Elon Musk and SpaceX are changing the language of space flight -- and the economics, too.

How do we know that SpaceX is having an effect on the incumbent giants of spaceflight like Boeing (BA -0.24%) and Lockheed Martin (LMT 1.71%), you ask? The evidence keeps rolling in, and it's starting to get undeniable. Let's break it down.

Delta IV at liftoff.

United Launch Alliance's Delta IV rocket can put more cargo in orbit than any other rocket on the planet -- but at a steep cost. Image source: United Launch Alliance.

Layoffs announced

SpaceX won its first bid on an Air Force GPS III satellite launch early last year, offering a bid of less than $83 million for its service -- less than half the $225 million average cost of a space launch via Boeing and Lockheed Martin joint venture United Launch Alliance (ULA).

In very short order, ULA announced plans to lay off one quarter of its workforce -- up to 875 jobs -- through 2017. The reason, explained ULA CEO Tory Bruno, was that the company needed to cut its costs to better compete with the threat from SpaceX.

Contracts lost

How big that threat was became apparent earlier this year. Because whereas in 2016, SpaceX won its Air Force contract unopposed (ULA was unable to bid on the contract), in March 2017, ULA did bid against SpaceX. Unfortunately for ULA, it couldn't come close to beating SpaceX's bid.

In a shocking victory, SpaceX raised the price that it was charging the Air Force to launch the same kind of satellite that it agreed to launch last year by 17%. Instead of the $82.7 million bid in 2016, this time SpaceX bid $96.5 million. Even with the higher price, SpaceX easily bested its rival.

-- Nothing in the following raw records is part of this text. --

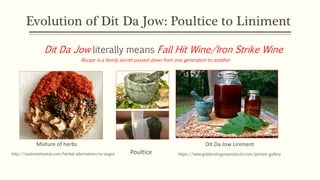 . Typically liniments or Dit Da Jow recipes will contain anywhere from 10 to as many as 40. 4999 3999. Dit Da Jow is a popular Chinese liniment sold to heal external damage such as.
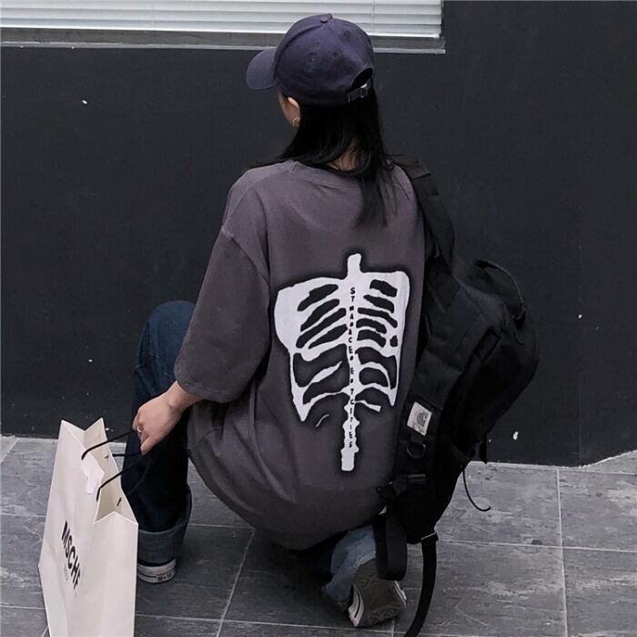 レディーススプリング夏服韓国ファッショントレンドダークプリント柄ルーズゆったりTシャツメンズトップス 春物 夏物 CHIL59225835451
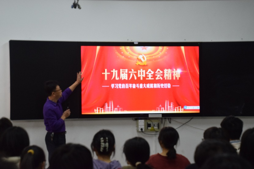 为深入学习党的十九届六中全会精神,增强员工的民族自信心和自豪感,12月6日,太阳集团tyc33455分党校在莞城校区机电楼312教室举行第12期入党积极分子培训班第四讲。此次党课由学院经理陈伟主讲,第12期全体入党积极分子参加。
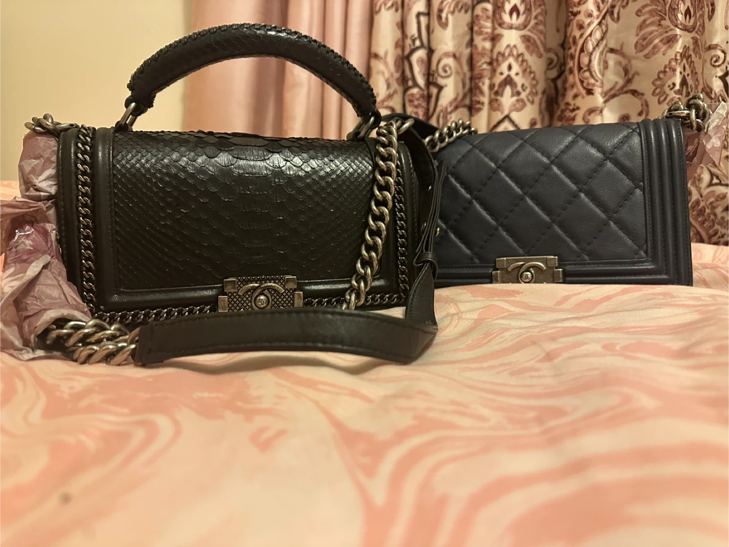 Two authentic Chanel Boy Bags are available. One is in black python leather, and the other is in navy quilted leather. Both feature iconic Chanel hardware and chain straps. These statement pieces add a touch of luxury to any outfit.
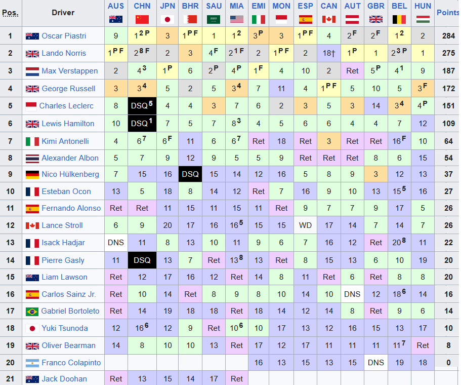 Tras el Gran Premio de Hungría, la distancia entre Lando Norris y Oscar Piastri se redujo a los 9 puntos, con éste último por delante.
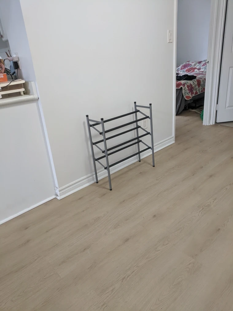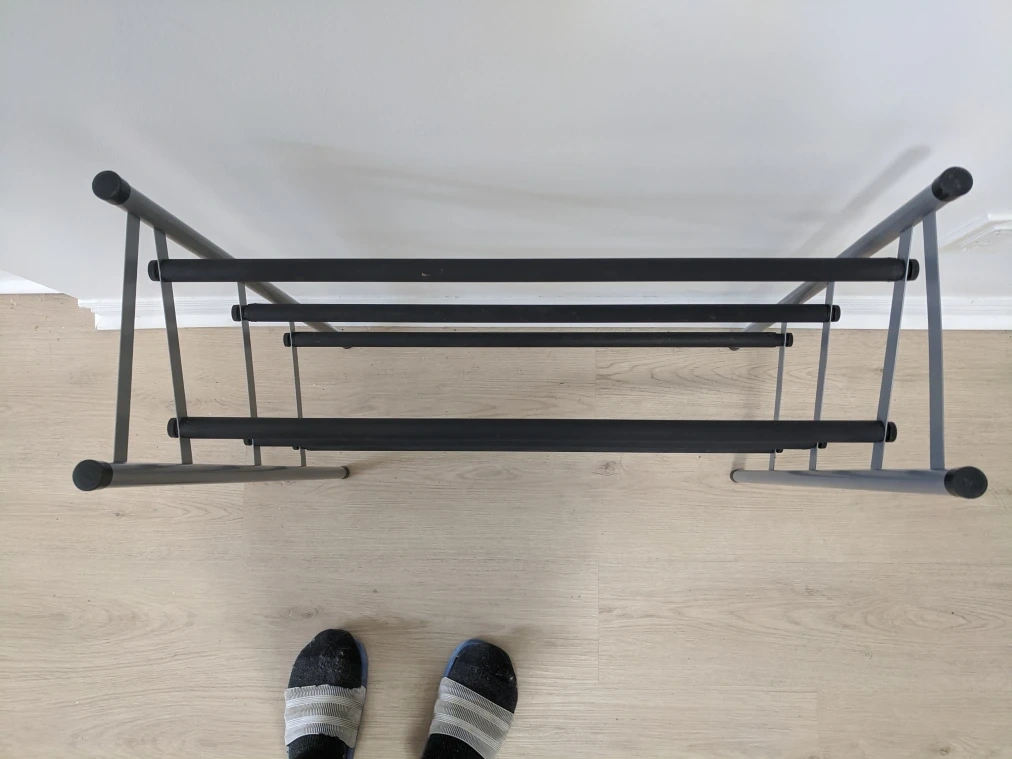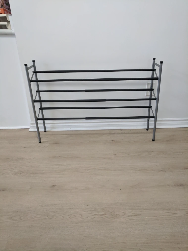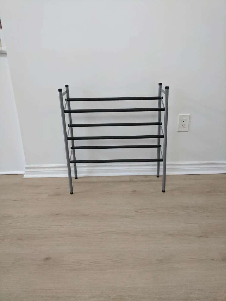 Selling a simple shoe rack, perfect for tidying up your entryway or closet! It's a grey metal frame with black bars for the shoes to rest on. Great for keeping your shoes organized and off the floor.
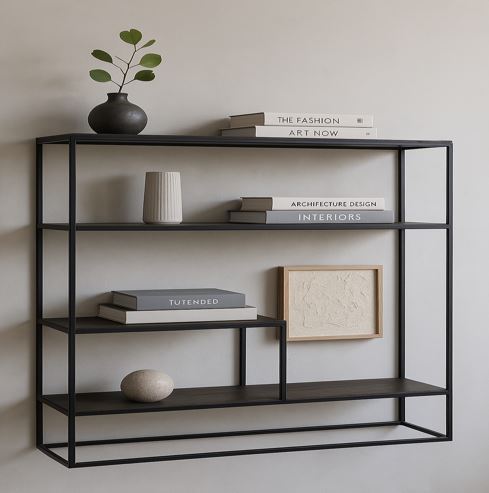 簡約而堅固的鐵件層板能完美融入現代、工業或極簡風格的客廳設計,既不會搶走焦點,又能提升整體氛圍。
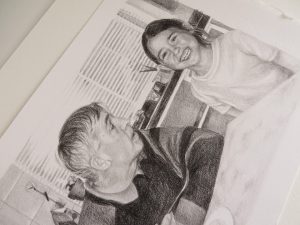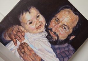 This is a portrait of Ken who is about to retire from his job. His co-workers decided to commission a painting of him and his horse as a retirement present. The painting is 30 x 40 cm in size painted with acrylics on stretched canvas. I had one photograph to work from with a couple of additional photos for Ken’s face which was hard to see in the reference. The photo was not too detailed which lended itself to a looser painterly portrait.
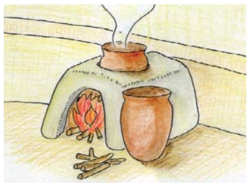 竪穴建物跡の壁には調理場であるカマドが作られます。粘土でカマドの壁と天井を形作り、壁の芯材には大きな石を使い、天井には穴を開けて煮炊きをする甕を差し込みます。調査中、多くのカマドは破壊された状態でみつかります。カマドは火の神が宿る特別な場所と考えられており、建物を廃棄する際にカマドを破壊する習慣が存在したようです。この建物では、カマドの一部を破壊し、その後、火床の上に支脚石を叩き折って置き、さらにその上に底を抜いた甕を立て、周りを芯材の石(花崗岩)で囲う様子が確認できました。
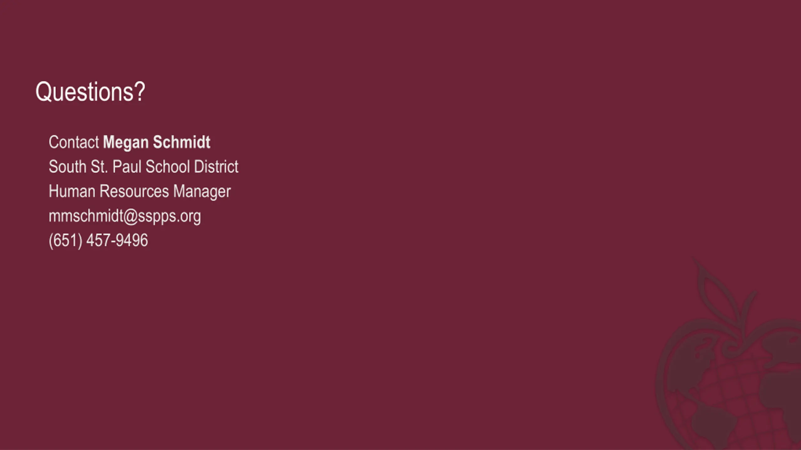 Questions? Contact Megan Schmidt South St. Paul School District Human Resources Manager mmschmidt@sspps.org (651) 457-9496
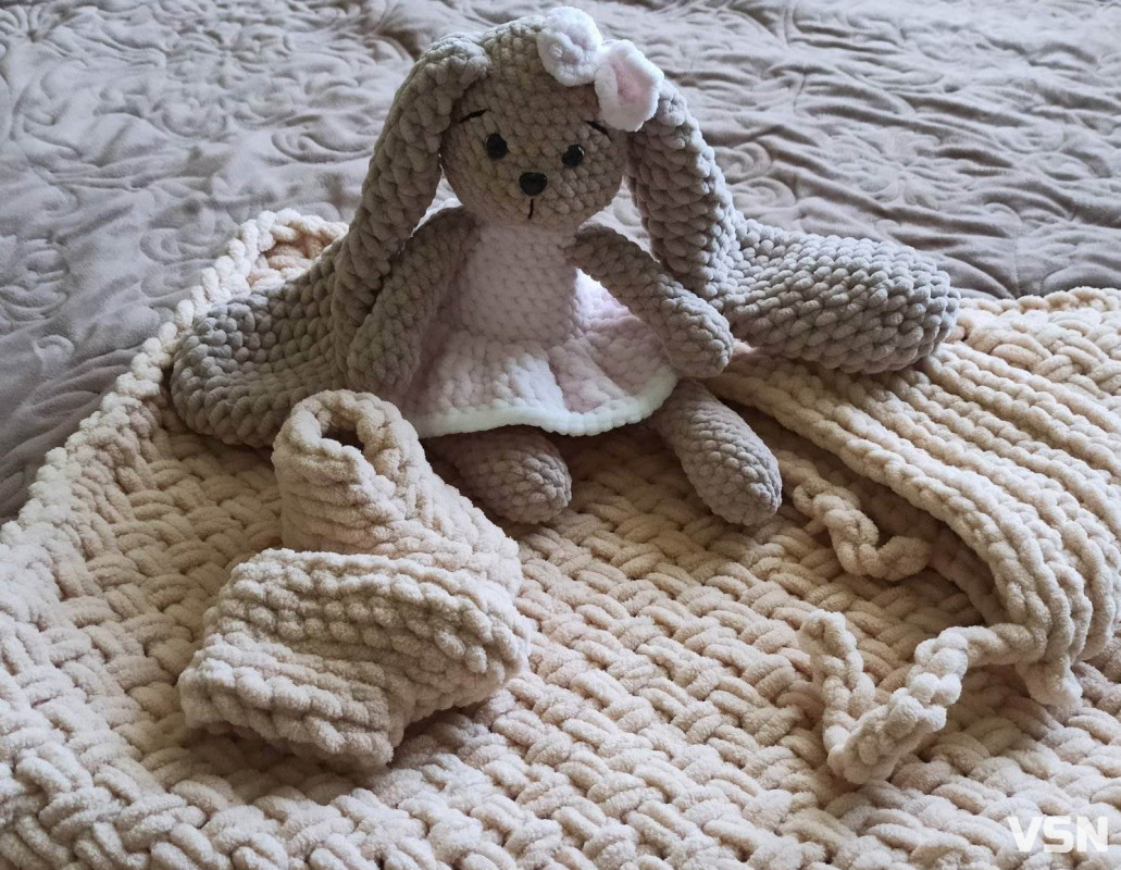 «Рідні і друзі почали замовляти у мене вироби: показують фото і я беруся за роботу. Особливою популярністю серед хлопчиків користується синій трактор, дівчатка люблять зайченят, єдиноріжок, героїв мультфільмів. Розробила й подарунковий набір для найменших, що складається із пледика, зайченятка, пінеток та шапочки, іменні крижми на хрещення. Цікавий та оригінальний подарунок – піжамниця-єдиноріг, яку можна використовувати як іграшку і як комфортер для сну та для зберігання піжами», – розповідає майстриня.

Clearly, ULA needed to do something to reverse this trend of lost contracts.

Price quotes cut

And to its credit, United Launch Alliance did not take these losses lying down. Responding to SpaceX's transparency in pricing, for example, ULA last year launched a new "Rocketbuilder" website for customers to use when pricing (and ordering) satellite launches aboard its Atlas V and Delta IV rockets. Featuring a la carte pricing, and leavened with a healthy dose of marketing on why its record of reliability creates less visible cost savings for a customer, it actually seems that ULA stole a page from SpaceX in the creativity department.

Longer term, Bruno has promised several times now that the absolute price on his company's rocket launches is coming down, to perhaps as low as $99 million a launch. And while we haven't seen any actual price quotes in this range just yet, ULA does appear to be bidding a bit lower lately.

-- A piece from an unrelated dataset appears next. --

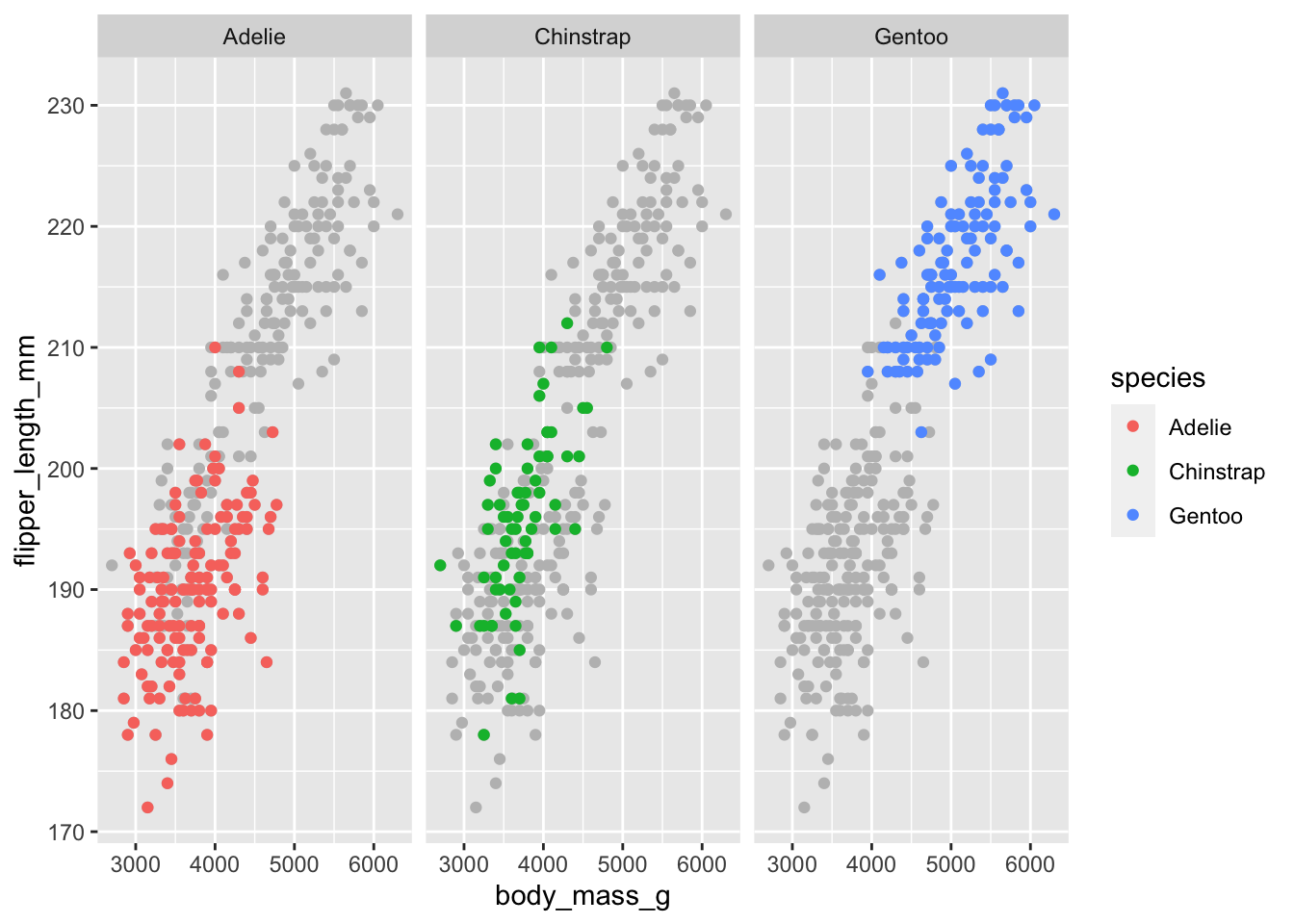 Recreate the figure below. How would you get the gray points to show up on all facets?

Earlier this month, the Pentagon's daily digest of contract awards featured two key satellite launch awards to Boeing and Lockheed's joint venture, United Launch Alliance. Awarded as modifications to an earlier $7.5 billion Pentagon "block buy" of rocket launches, ULA won two contracts. The company will produce a Delta IV Heavy lift rocket valued at $270.4 million, and an Atlas V 551 rocket valued at $146.5 million.

Given that Atlas V launches have been quoted as high as $190 million in the past, while the Delta IV ordinarily runs around $350 million, these appear to be significant price cuts that ULA has offered to the Air Force -- maybe not "$99 million" exactly, but moving in that direction.

What it means for investors

And yet, lower prices almost certainly portend slimmer profit margins for ULA and its twin owners -- if indeed they can earn a profit at all at prices so far below what they've been used to charging. Right now, S&P Global Market Intelligence data show Boeing's space operations earning that company about 7% operating profit margins (down from 9.4% in 2015). Lockheed's space margins are stronger at 13.5%, but could also be put at risk by the challenge from SpaceX.

Between the layoffs, contract losses, and reduced revenue from contracts won, I'd say this risk is very real.